Provided material:
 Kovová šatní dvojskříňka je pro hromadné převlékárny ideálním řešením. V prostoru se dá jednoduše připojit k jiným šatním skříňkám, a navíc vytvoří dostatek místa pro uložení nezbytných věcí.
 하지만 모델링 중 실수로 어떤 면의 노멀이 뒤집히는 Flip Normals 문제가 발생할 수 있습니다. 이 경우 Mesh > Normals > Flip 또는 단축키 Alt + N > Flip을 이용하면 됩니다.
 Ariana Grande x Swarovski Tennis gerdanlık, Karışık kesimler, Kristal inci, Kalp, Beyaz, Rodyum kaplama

...

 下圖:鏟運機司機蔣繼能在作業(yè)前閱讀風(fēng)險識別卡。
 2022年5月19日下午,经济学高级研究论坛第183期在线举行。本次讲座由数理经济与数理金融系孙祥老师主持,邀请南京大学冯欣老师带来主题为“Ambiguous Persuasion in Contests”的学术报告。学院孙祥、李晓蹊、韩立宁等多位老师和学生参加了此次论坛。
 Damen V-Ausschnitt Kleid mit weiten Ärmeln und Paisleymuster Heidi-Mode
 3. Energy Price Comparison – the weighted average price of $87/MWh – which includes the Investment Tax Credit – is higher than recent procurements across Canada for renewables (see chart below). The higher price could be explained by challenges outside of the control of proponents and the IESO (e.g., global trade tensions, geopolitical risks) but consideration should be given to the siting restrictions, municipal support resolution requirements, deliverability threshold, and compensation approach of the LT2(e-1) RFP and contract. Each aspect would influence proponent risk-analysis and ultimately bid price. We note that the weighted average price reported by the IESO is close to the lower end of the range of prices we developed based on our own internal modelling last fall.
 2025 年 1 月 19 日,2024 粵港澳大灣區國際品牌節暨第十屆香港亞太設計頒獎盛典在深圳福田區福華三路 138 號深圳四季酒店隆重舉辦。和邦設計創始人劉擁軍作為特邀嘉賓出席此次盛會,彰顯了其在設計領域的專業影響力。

What you need to do: Among the entries above, the line containing "Kovová šatní dvojskříňka", the line containing "Ariana Grande x", and all lines between them are to be restated word for word; nothing else belongs in the reply.

Solution to the exercise:
 Kovová šatní dvojskříňka je pro hromadné převlékárny ideálním řešením. V prostoru se dá jednoduše připojit k jiným šatním skříňkám, a navíc vytvoří dostatek místa pro uložení nezbytných věcí.
 하지만 모델링 중 실수로 어떤 면의 노멀이 뒤집히는 Flip Normals 문제가 발생할 수 있습니다. 이 경우 Mesh > Normals > Flip 또는 단축키 Alt + N > Flip을 이용하면 됩니다.
 Ariana Grande x Swarovski Tennis gerdanlık, Karışık kesimler, Kristal inci, Kalp, Beyaz, Rodyum kaplama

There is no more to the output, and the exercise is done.